TCP Maintenance and Minor Extensions (tcpm) R. Scheffenegger
Internet-Draft NetApp, Inc.
Intended status: Experimental M. Kuehlewind
Expires: April 15, 2013 University of Stuttgart
B. Trammell
ETH Zurich
October 14, 2012

Exposure of Time Intervals for the TCP Timestamp Option
draft-trammell-tcpm-timestamp-interval-00.txt

Abstract

The TCP Timestamp option would be useful for additional measurements if it could be assumed that the interval between ticks of the timestamp clock are regular, and if that interval were known. In practice, many implementations do use a timestamp clock source that has a regular interval. This draft specifies a mechanism for exposing the timestamp interval to a receiver, and discusses applications therefor.

Status of This Memo

This Internet-Draft is submitted in full conformance with the provisions of BCP 78 and BCP 79.

Internet-Drafts are working documents of the Internet Engineering Task Force (IETF). Note that other groups may also distribute working documents as Internet-Drafts. The list of current Internet- Drafts is at http:/⁠/⁠datatracker.ietf.org/⁠drafts/⁠current/⁠.

Internet-Drafts are draft documents valid for a maximum of six months and may be updated, replaced, or obsoleted by other documents at any time. It is inappropriate to use Internet-Drafts as reference material or to cite them other than as "work in progress."

This Internet-Draft will expire on April 15, 2013.

Copyright Notice

Copyright (c) 2012 IETF Trust and the persons identified as the document authors. All rights reserved.

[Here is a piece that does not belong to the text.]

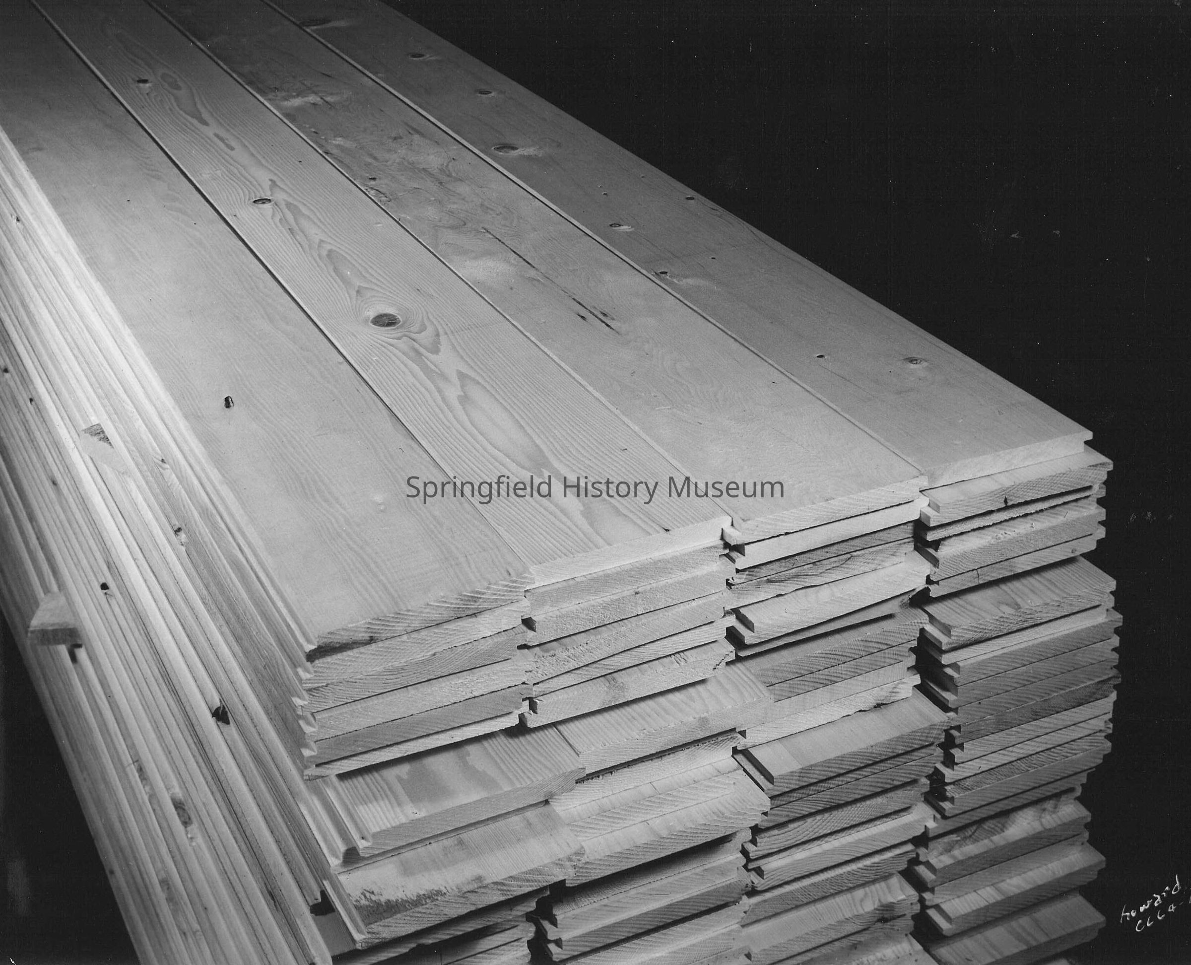 Stack of beveled tongue and groove lumber. Marked Howard C664-12

This document is subject to BCP 78 and the IETF Trust's Legal Provisions Relating to IETF Documents (http:/⁠/⁠trustee.ietf.org/⁠license-⁠info) in effect on the date of publication of this document. Please review these documents carefully, as they describe your rights and restrictions with respect to this document. Code Components extracted from this document must include Simplified BSD License text as described in Section 4.e of the Trust Legal Provisions and are provided without warranty as described in the Simplified BSD License.


Table of Contents

1. Introduction

The Timestamp option originally introduced in [RFC1323] was designed to support only two very specific mechanisms, round trip time measurement (RTTM), and protection against wrapped sequence numbers (PAWS), assuming a particular TCP algorithm (Reno).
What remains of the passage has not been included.